The most frequently observed trend is a COE overlay to current operating models—both centralized and decentralized—and a desire to create a consistent experience for hybrid workers, design guidelines, project/change management and brand and culture.
Figure 7: Which of the following best reflects CRE&F’s management structure?
Getting Started: Driving the Case for Change With a Clear Call to Action
Far too often, teams start their organizational design journey by adjusting an organizational chart. This approach rarely yields effective results. There should be a case for change—transforming your organizational design must begin with a purpose and drivers, which will determine capabilities, roles and how work gets done between teams. From here, the structure will naturally follow.
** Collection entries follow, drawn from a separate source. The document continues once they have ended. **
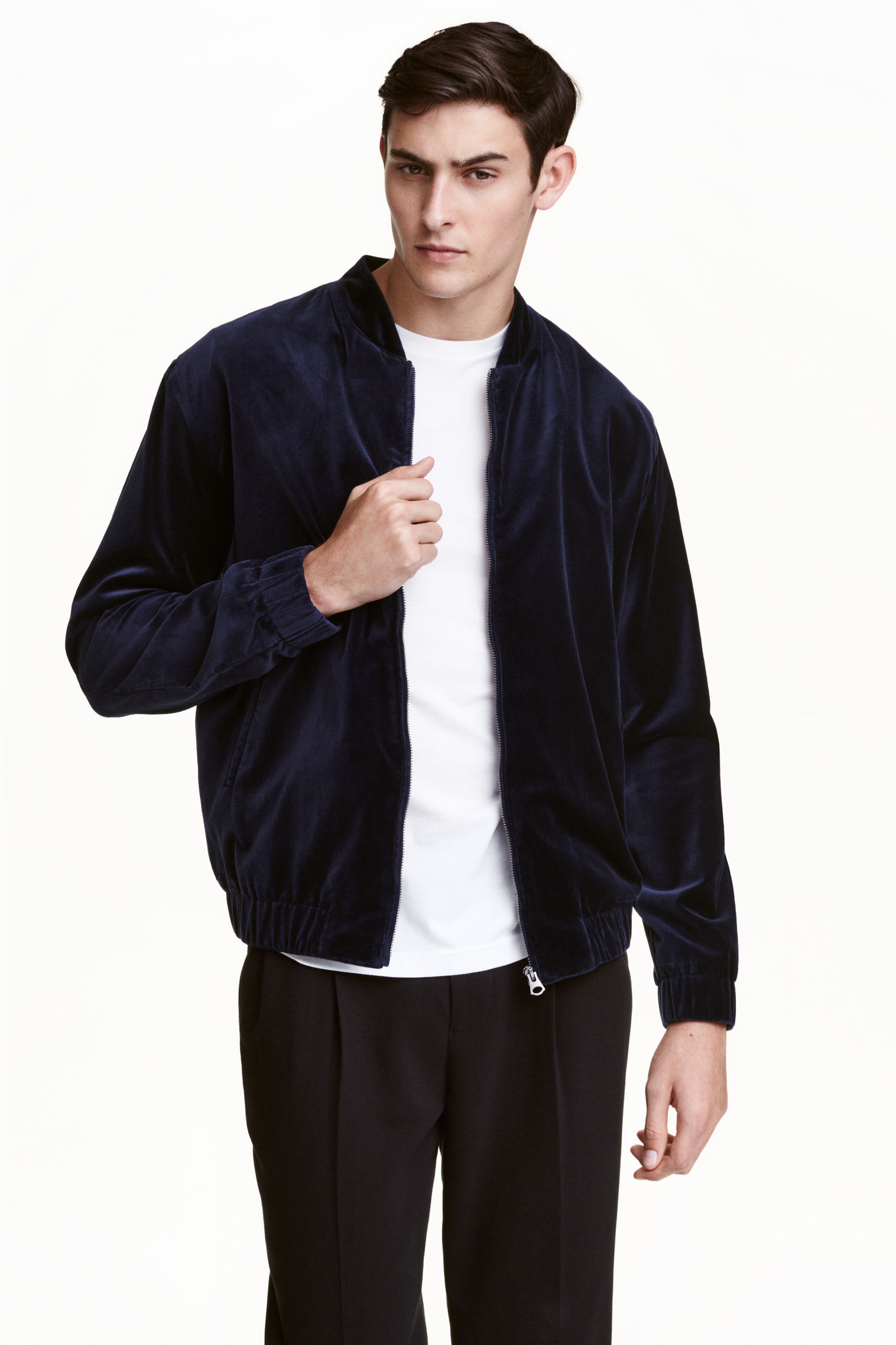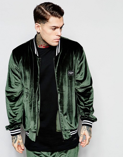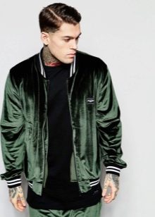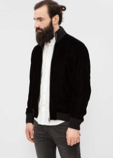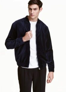 - Kadife. Kısa bir şekerleme ile şık ve modaya uygun kadife, spor-şık bir tarzda bir erkek gardırop için mükemmel bir çözümdür. Bu tasarımdaki bir bomber ceket tamamen yeni bir vizyon kazanıyor. Sadece renkle tahmin etmek önemlidir: trend şarap, koyu mavi, çikolatadır.
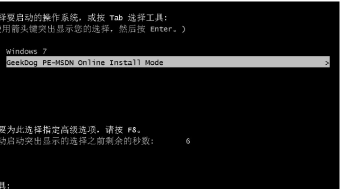 步驟五:現在極客狗下載系統文件,下載完成后電腦會自動重啟,重啟選擇PE所在項回車即可。
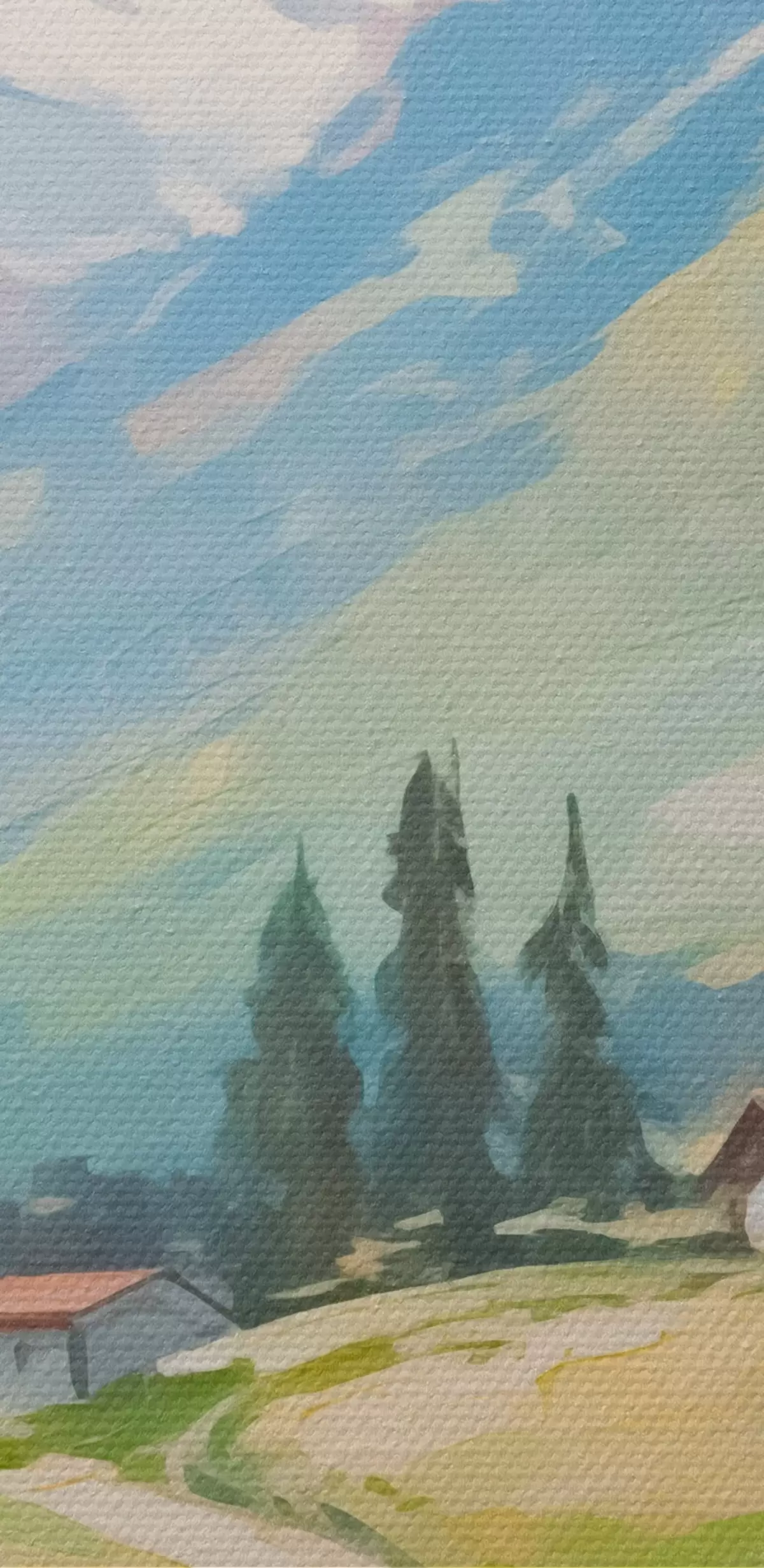 Glezna ir iekārtojama uzreiz pēc tās saņemšanas. Glezna tiks izstiepta uz 2 cm platām koka nestuvēm.
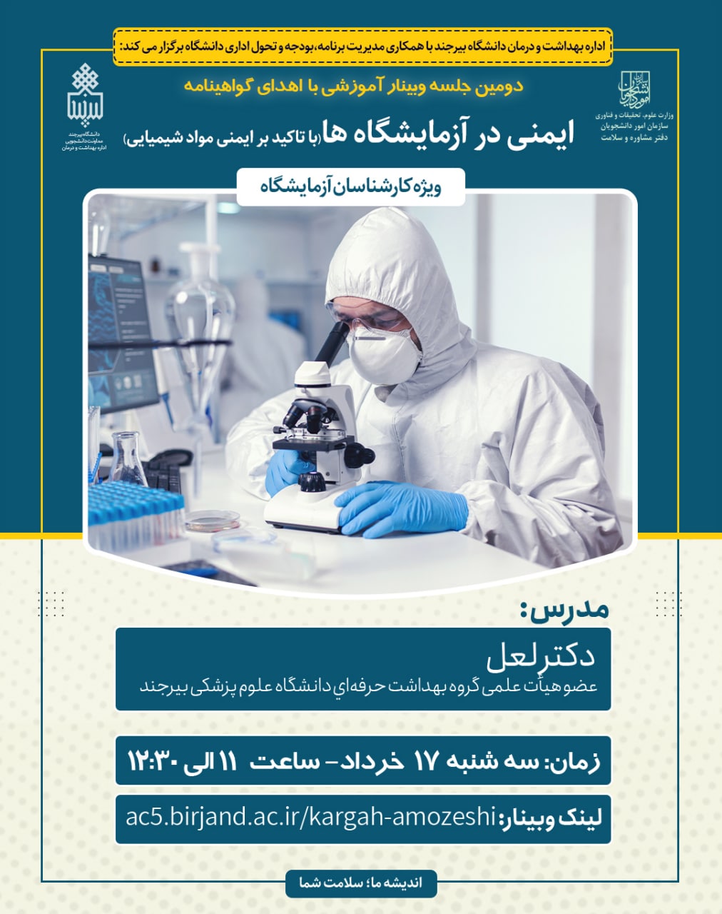 دومین وبینار آموزشی ایمنی در آزمایشگاه ها (با تاکید بر ایمنی مواد شیمیایی) ۱۶ خرداد ۱۴۰۱ | ۱۲:۵۹ کد : ۱۸۹۰۹ اطلاعیه ها ارسال به دیگران نام شما ایمیل شما ایمیل دریافتکننده ارسال انصراف تعداد بازدید:۴۶۷۸
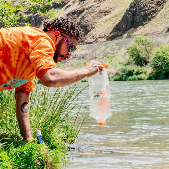 The VECTO is a soft, 2 liters (68 oz), collapsible water container. The patent-pending dual opening system allows for easy filling from a wide opening on one side and a narrow mouthpiece on the other. Use the Vecto for drinking or as part of a water filtration system with particular Sawyer, Hydroblu and LifeStraw filters.
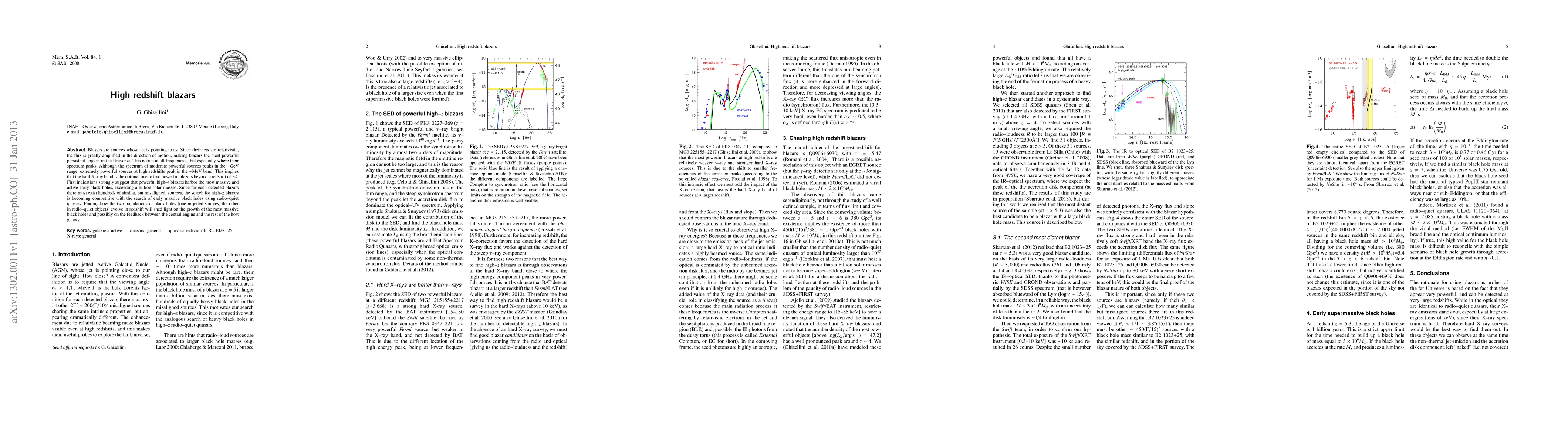 Blazars are sources whose jet is pointing to us. Since their jets are relativistic, the flux is greatly amplified in the direction of motion, making blazars the most powerful persistent objects in the Universe. This is true at all frequencies, but especially where their spectrum peaks. Although the spectrum of moderate powerful sources peaks in the ~GeV range, extremely powerful sources at high redshifts peak in the ~MeV band. This implies that the hard X-ray band is the optimal one to find powerful blazars beyond a redshift of ~4. First indications strongly suggest that powerful high-z blazars harbor the most massive and active early black holes, exceeding a billion solar masses. Since for each detected blazars there must exist hundreds of similar, but misaligned, sources, the search for high-z blazars is becoming competitive with the search of early massive black holes using radio-quiet quasars. Finding how the two populations of black holes (one in jetted sources, the other in radio-quiet objects) evolve in redshift will shed light on the growth of the most massive black holes and possibly on the feedback between the central engine and the rest of the host galaxy.
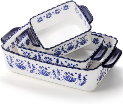 Price: (as of – Details) 3 Size Bakeware Set: Package include 3 size rectangular baking dish set: Large: 12″L x
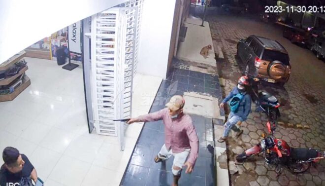 O assalto ocorreu às 20h13 desta quinta-feira, dia 30 de novembro. De acordo com as câmeras de segurança da loja comercial localizada no centro comercial de Cobija.
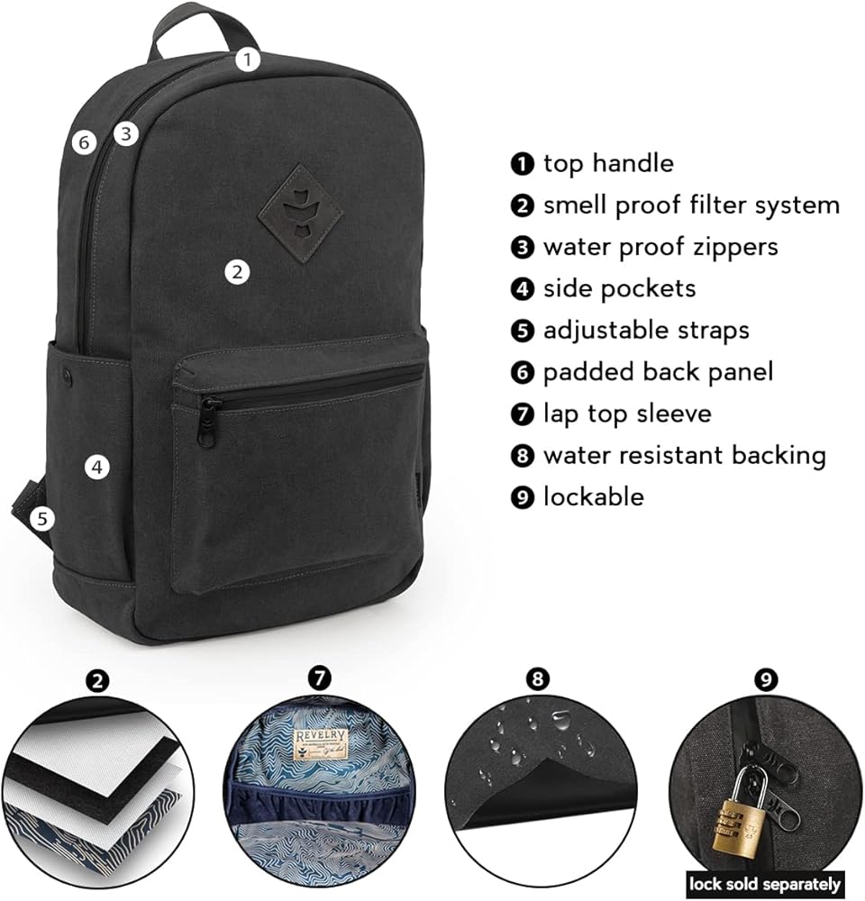 حقيبة الظهر ذات المقاس التقليدي مقاومة للرائحة ومقاومة للماء. مع 18 لتر من المساحة (17 بوصة × 13 بوصة × 5 بوصة)، يمكن أن تناسب الحقيبة جميع احتياجاتك بأمان وحفظ. بالإضافة إلى ذلك، هناك رؤوس بسحاب قابلة للقفل، ومقسم لاب توب، وجيب سري حتى تتمكن من تقسيم وحمل كل شيء في كل مكان دون قلق. هذه الحقيبة مثالية للمدرسة أو العمل أو التنزه أو أي مغامرة أخرى تقوم بها.
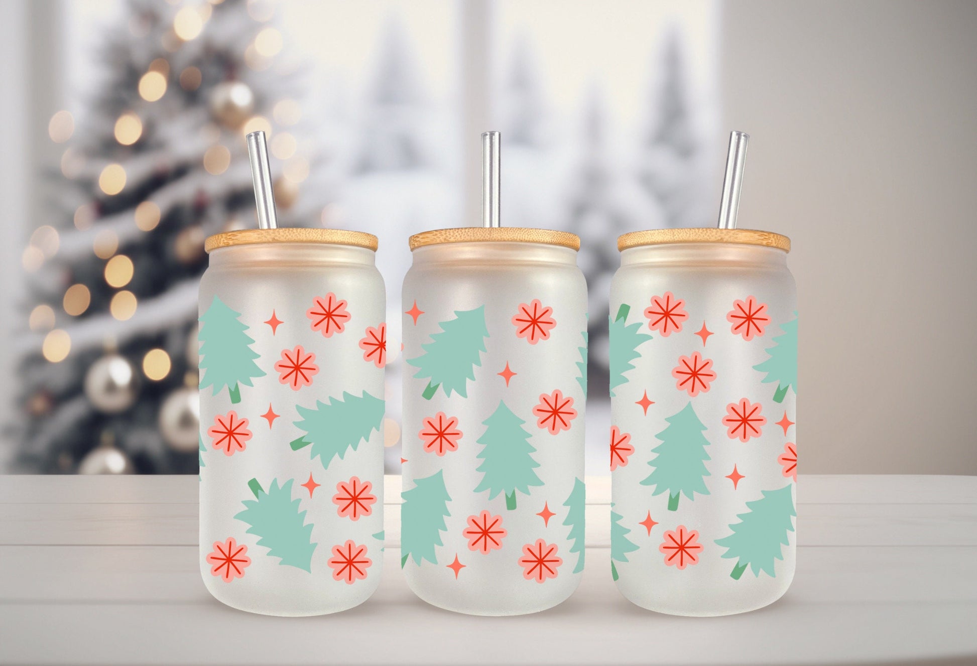 UVDTF Wrap Christmas Tree Snowflakes for 16oz Can Glass Mug Tumbler, Ready to apply, Waterproof Permanent Adhesive
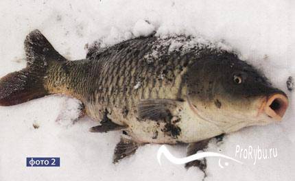 Зимой довольно легко перекормить сазана, так как он столуется в это время года совсем мало. Подсыпайте прикормку постепенно, по мере её съедания или размывания добавляйте в лунку ещё. Так Вы не перекормите рыбу и в тоже пора будете её держать в точке ловли.
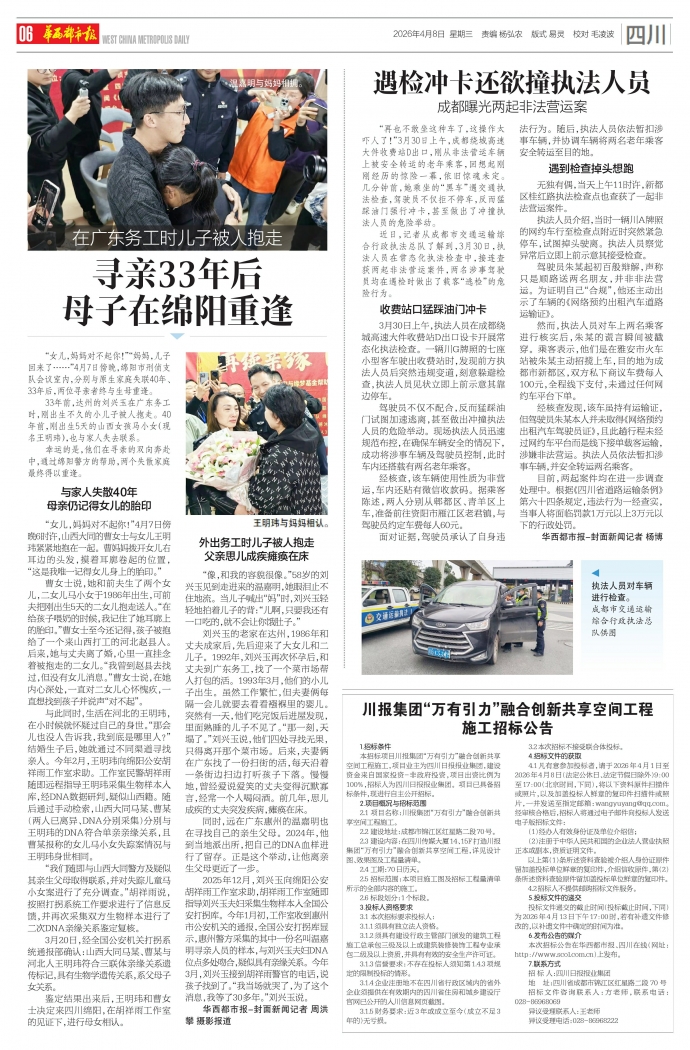 寻亲33年后 母子在绵阳重逢
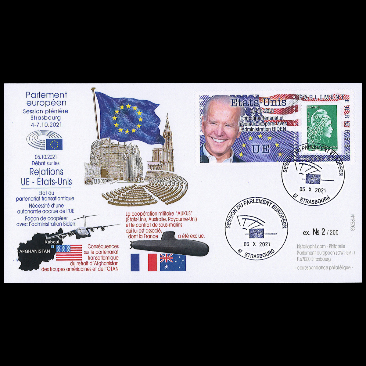 - Postage France Marianne LV 20g on perforated stamp holder "European Parliament 2021 / United States - EU / Status of partnership and way of cooperating with BIDEN Administration" - Cancelled Strasbourg "Session of the European Parliament" 05.10.2021
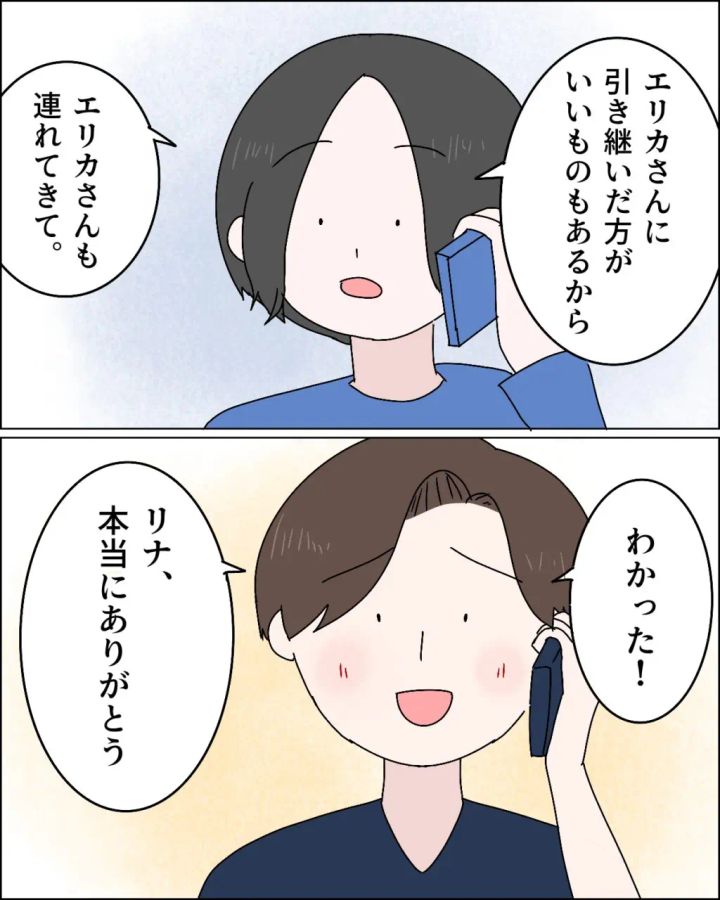 「エリカさんに引き継いだ方がいいものもあるから、エリカさんも連れてきて」とリナさんが言うと、「わかった!リナ、本当にありがとう」とケイさんは感謝します。
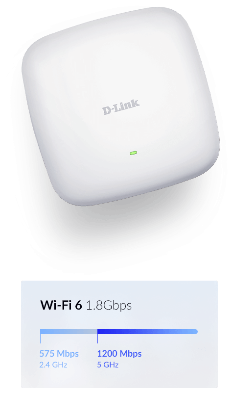 With combined Wi-Fi 6 802.11ax speeds of up to 1,800 Mbps, the DAP-X2810 provides lightning-fast connectivity, enabling large data transfer and superior quality video streaming, even in highly congested environments.

CRE leaders embarking on an organizational design journey must recognize the areas they can influence and that moving just two or three of these levers can have a significant impact.
CRE Change Levers
- Purpose and Value of CRE: Defining the why, for value to the business is now a priority.
- Succession Strategy: Proactively build the next generation of leaders by upskilling current employees or hiring people from non-traditional CRE backgrounds, e.g., management consulting and technology.
- Customer Relationship Management (CRM): Yesterday's CRM demands new competencies for future CRE functions.
- Governance: Drive the conversation through strategic levers like data, process and decision rights.
- Alignment and Performance: New ways to measure effectiveness with the business.
- Capabilities: Teams must continually evolve and adapt to meet current and future needs, e.g., influence and change management.
Regardless of how well an organization is designed, leaders must secure buy-in from key stakeholders along the way to achieve their expected outcomes. Lasting transformational success requires aligning organizational behaviors with evolving strategic objectives along with a thoughtful, purposeful change management program tied to the drivers of organizational behavior.
Empowering people and organizations to deliver the best results for their customers is the endgame, and success can only happen with the right space to support it. CRE leaders are ideally positioned to align people, process and portfolio in a radically changed work model.